Ensuite, préemption et prévention : comment justifier la guerre en fonction de ses
intentions ? La préemption est à peu près tolérée ds le droit international (mais pb de
la définition du « danger imminent »). Forcing des USA pour faire reconnaître ds le
droit international la guerre préventive. Mais on joue avec le feu en s’acheminant sur
cette pente, car cela conduit à une multiplication des guerres (les Etats menaçants sont
nombreux, la guerre contre l’Iran à ce moment là, c’est pour demain !). Est-ce que
c’est plus csq ou inconséquent de frapper ou pas ? Mais en même temps, la guerre
préventive n’est pas absurde : il aurait bien évidemment fallu intervenir contre les
nazis à Munich au lieu de faire l’autruche. Idem avec les guerres humanitaires
préventives (il aurait fallu intervenir au Rwanda quand on savait que des massacres se
préparaient).
III/ Eléments de question sur le dialogue interculturel : l’éthique
internationale ?
Est-ce une chimère ? Peut-on y apporter des réponses ? La guerre juste est une
tradition occidentale, voire même chrétienne (développement par le catholicisme et le
protestantisme puis laïcisation par les Etats). Ce tropisme occidental est problématique : on ne
peut imposer une vision si culturellement orientée. Ce n’est pas universel. Pourtant le rapport
à la souffrance est lui bien universel ! Cette question fait partie de l’universalide l’homme.

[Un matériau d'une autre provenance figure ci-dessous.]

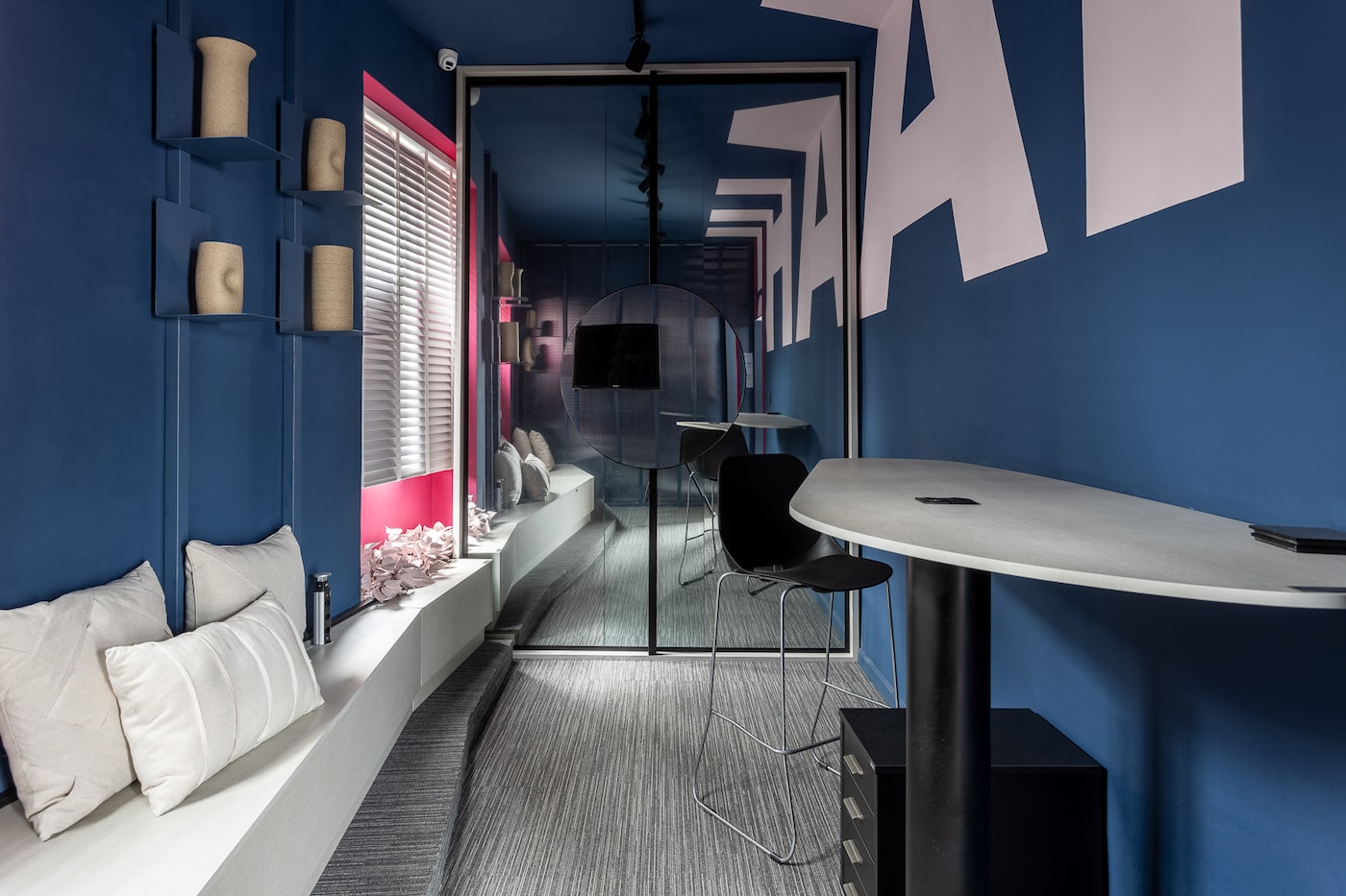Os enxutos 14m2 não desencorajam o arquiteto a usar cor intensa. Pelo contrário! É justamente o azul forte que traz personalidade para a sala em formato de corredor. Ao entrar aqui, a sensação é de surpresa. vem daí o o AH! estampado na parede. Refletido no espelho ao fundo, ele se prolonga. Repare bem que as letras foram pintadas com um rosa bastante leve que cria suave harmonia com o rosa mais intenso das janelas. Se você também tem vontade de usar tons contrastantes nos batentes dos caixilhos pode fazer uma simulação de cores no Coral Visualizer (para Android e IOS) Nele, você faz o upload de foto da sua casa e simula a pintura para ver como as tonalidades se comportam juntas.

Force est de constater que ces mêmes règles ont force de loi dans d’autres cultures : tradition
islamique, la guerre doit être déclarée par les institutions compétentes et les civils ne doivent
pas être visés (dans le droit canon musulman, après, ceux qui disent qu’il faut tuer les enfants
etc. ont été chercher leurs normes on ne sait pas trop où….).
La logique de l’universalisme peut se heurter à la critique du relativisme (selon
lequel on ne devrait pas critiquer une morale, une tradition, qui n’est pas la sienne). La propre
règle du relativisme peut elle-même être relativisée et on n’en tient plus compte ! ! Par
ailleurs, il faut qu’il y ait un accord sur les ppes minimaux universels (ne pas tuer
intentionnellement les civils etc.) et ensuite faire preuve de plus de souplesse pour le reste.
Ce qui est en jeu, c’est la manière dont les Etats occidentaux vont mettre en place un
dialogue. Les années 1990 ont porté l’espoir que la diffusion de la démocratie dans le monde
allait régler plein de pb. Mais pour certains, c’est une chimère que de vouloir exporter la
démocratie dans le monde. Ce sont les démocraties émergentes qui sont les plus dangereuses
en fait, il y aura des guerres à l’intérieur et avec l’extérieur ! (ex. Irak !). Universalisme
soft : on promeut la démocratie et on donne de l’argent, et la hard : on l’impose par la force.
 L’acceptation de règles communes modestes et efficaces devrait être un enjeu
majeur, pour éviter l’impasse entre l’universalisme discriminateur et le relativisme
paranoïaque du complot contre les pays du Sud.